The development of price inflation is crucial for the future development of the cash interest rate.

Market reaction

At the time of writing, the NZD/USD pair is trading 0.13% lower on the day, trading at 0.5983.

RBNZ Frequently Asked Questions

The Reserve Bank of New Zealand (RBNZ) is the country’s central bank. Its economic objectives are to achieve and maintain price stability – which is achieved when inflation, as measured by the Consumer Price Index (CPI), is between 1% and 3% – and to promote maximum sustainable employment.

The Monetary Policy Committee (MPC) of the Reserve Bank of New Zealand (RBNZ) sets the appropriate value of the Official Cash Rate (OCR) according to its objectives. When inflation is above the target, the bank tries to contain it by raising its policy rate. This makes it more expensive for households and businesses to borrow money and thus cools the economy. Higher interest rates are generally positive for the New Zealand dollar (NZD) as they lead to higher returns and make the country more attractive to investors. On the contrary, lower interest rates tend to weaken the NZD.

Employment is important to the Reserve Bank of New Zealand (RBNZ) because a tight labour market can fuel inflation. The RBNZ’s objective of “maximum sustainable employment” is defined as the highest use of labour resources that can be sustained over a sustained period without causing inflation to accelerate. “When employment is at its maximum sustainable level, there will be low and stable inflation. However, if employment is above the maximum sustainable level for too long, it will eventually cause prices to rise at an ever faster rate, forcing the MPC to raise interest rates to keep inflation under control,” the bank says.
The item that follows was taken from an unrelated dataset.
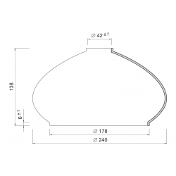 Stínidlo je ručně vyrobeno s velkou pečlivostí z opálového (bílé) matného skla. Stínidlo je doplněno základnou z ocelového plechu s práškovým nástřikem. Je nový, přímo od výrobce.

In extreme situations, the Reserve Bank of New Zealand (RBNZ) can use a monetary policy tool called quantitative easing. QE is the process by which the RBNZ prints local currency and uses it to buy assets – usually government or corporate bonds – from banks and other financial institutions, with the goal of increasing the domestic money supply and stimulating economic activity. QE usually results in a weaker New Zealand dollar (NZD). QE is a last resort when the central bank’s objectives are unlikely to be achieved by simply lowering interest rates. The RBNZ has used it during the Covid-19 pandemic.